IHT receipts £0.4bn higher than same period last year – HMRC

HM Revenue & Customs (HMRC) data showed that Inheritance Tax (IHT) receipts for April 2023 to February 2024 were £6.8 billion, which is £0.4 billion higher than the same period last year.

The increase of 6.25% means the Treasury is on course to take record receipts of about £7.54billion from IHT in the 2023/24 tax year, after surging to an all-time high of £7.1bn in 2022/23 – a £1billion increase on 2021/22.

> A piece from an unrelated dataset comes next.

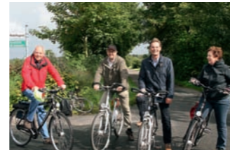
Margarethenberg // Von hier aus hat man einen fantastischen Blick bis zur Nordsee.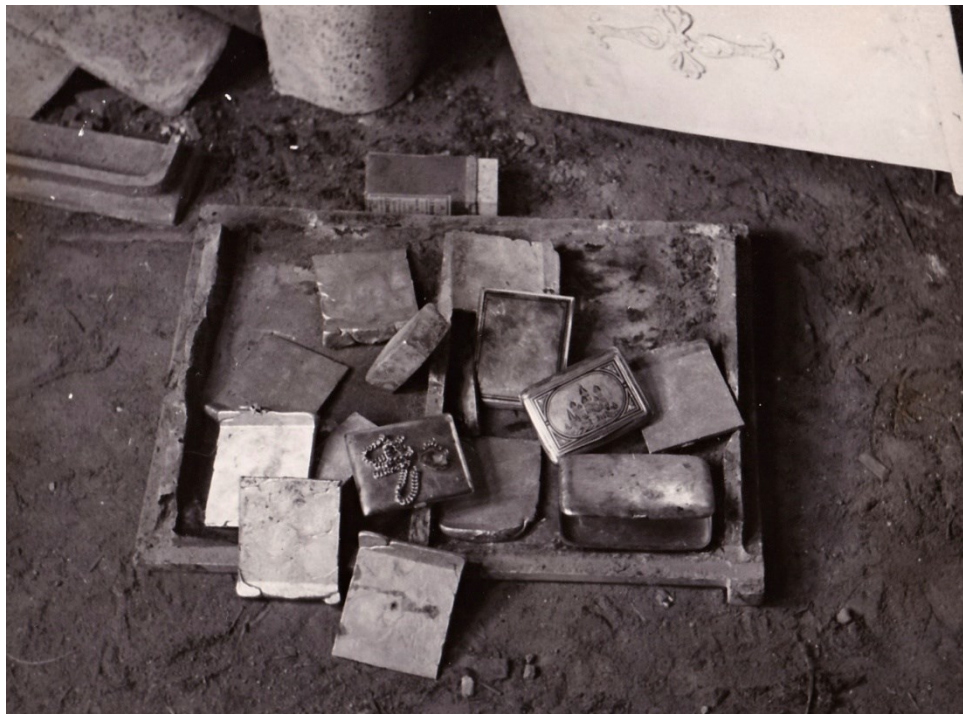
Obr. 20 – Nález cenností ve sklepení kláštera

Lower receipts in April and May 2020 were due to a temporary issue where HMRC were unable to accept cheques for payment of IHT due to COVID-19, which was resolved, hence the peak in June 2020 receipts. Higher receipts from March 2022 are expected to be due to a combination of higher volumes of wealth transfers following recent IHT-liable deaths, recent rises in asset values, and the government’s March 2021 and Autumn 2022 decisions to maintain the IHT tax free thresholds at their 2020 to 2021 levels up to and including 2027 to 2028, and more information on these decisions are available in the policy papers accompanying the Budget 2021 Finance Bill and the Autumn Finance Bill 2022.

The higher receipts in June 2022, November 2022, June 2023 and October 2023 can be attributed to a small number of higher-value payments than usual, according to the data. Laura Hayward, Tax Partner at professional services and wealth management firm Evelyn Partners, commented:

“The importance and impact of Inheritance Tax is set to grow as there is a massive transfer of wealth in the offing in the next couple of decades. Research shows that the older generations have as much as £2.6trillion of equity tied up in their homes, which the next generation, or the one after, are set to inherit. With nil-rate band allowances currently frozen and shrinking in real terms with inflation, that could lead to an explosion in IHT liabilities, if rules remain the same.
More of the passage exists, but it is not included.